To evaluate the uncertainty in the subsequent target domain training task, we employ the Laplace approximation method to estimate the posterior distribution of the predicted values. This approach is described in Equation (5) in the preliminary section.

$$p\left(y_c\mid h,X^s\right)\approx {\int }_w{\varphi }_c\left(g\left(h\right)\right)\mathrm{N}\left(W\mid W_{\mathrm{MAP}},{\mathbf{H}}^{-1}\right)\mathrm{d}W$$

(8)

With the completion of the aforementioned steps, we are prepared for the subsequent tasks. Prior to commencing the training of the target model, we initialize $g\left(·\right)$ using the frozen network parameters of $f\left(·\right)$. This initialization ensures that the target model starts with the knowledge transferred from the source domain model.

$$y_j^t=softmax\left(g\left(W_g,x_j^t\right)\right)$$

(9)

where $W_g$ denotes the parameters of the target network, and $y_j^t$ is the generated pseudo-label for the target data.

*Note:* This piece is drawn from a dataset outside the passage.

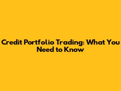 Credit Portfolio Trading: What You Need To Know

As for the pseudo-labeling process in the target domain, we apply a filtering mechanism by ranking the predicted probabilities. Specifically, for the first ten epochs, both the probability predicted from source model $p_j^s=f(W_s,x_j^t)$ and the one from target model $p_j^t=g(W_t,x_j^t)$ must exceed the probability threshold $\alpha$ in order to pass the screening for pseudo-labels.

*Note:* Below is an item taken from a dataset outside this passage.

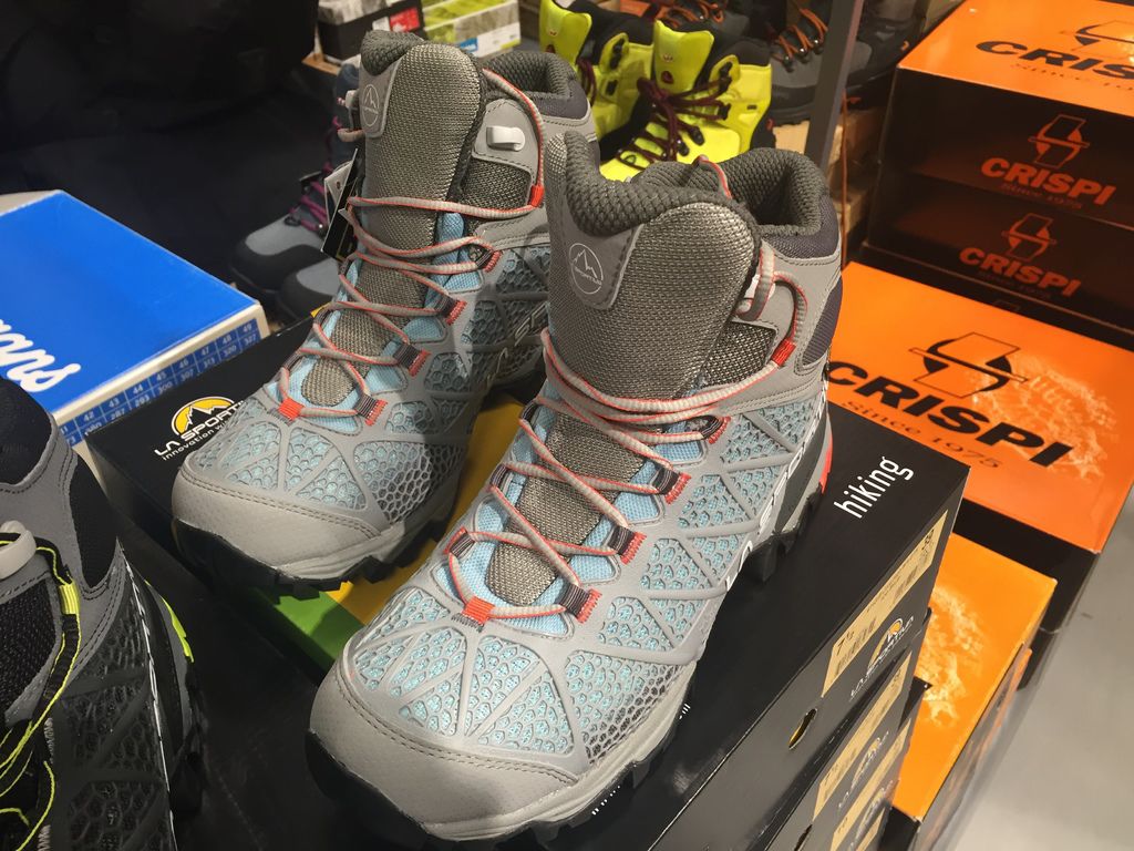 在登山鞋區,我一眼看中的是這雙義大利運動品牌La Sportiva的冰河藍登山鞋,原因無他,我很膚淺,因為它很美啊!!!

3.3. Asymmetric Consisteny Learning

Transfer learning between the source model and target data requires addressing both inter-domain feature differences and intra-domain feature biases, which result in an asymmetric feature mapping from the source to the target domain. Consequently, the focus of this paper includes investigating asymmetric feature learning. To accomplish this, we propose an Asymmetric Consistency Learning module that facilitates the successful asymmetric mapping of the feature space from the source domain into the target domain. This module enables more accurate knowledge transfer for medical image analysis.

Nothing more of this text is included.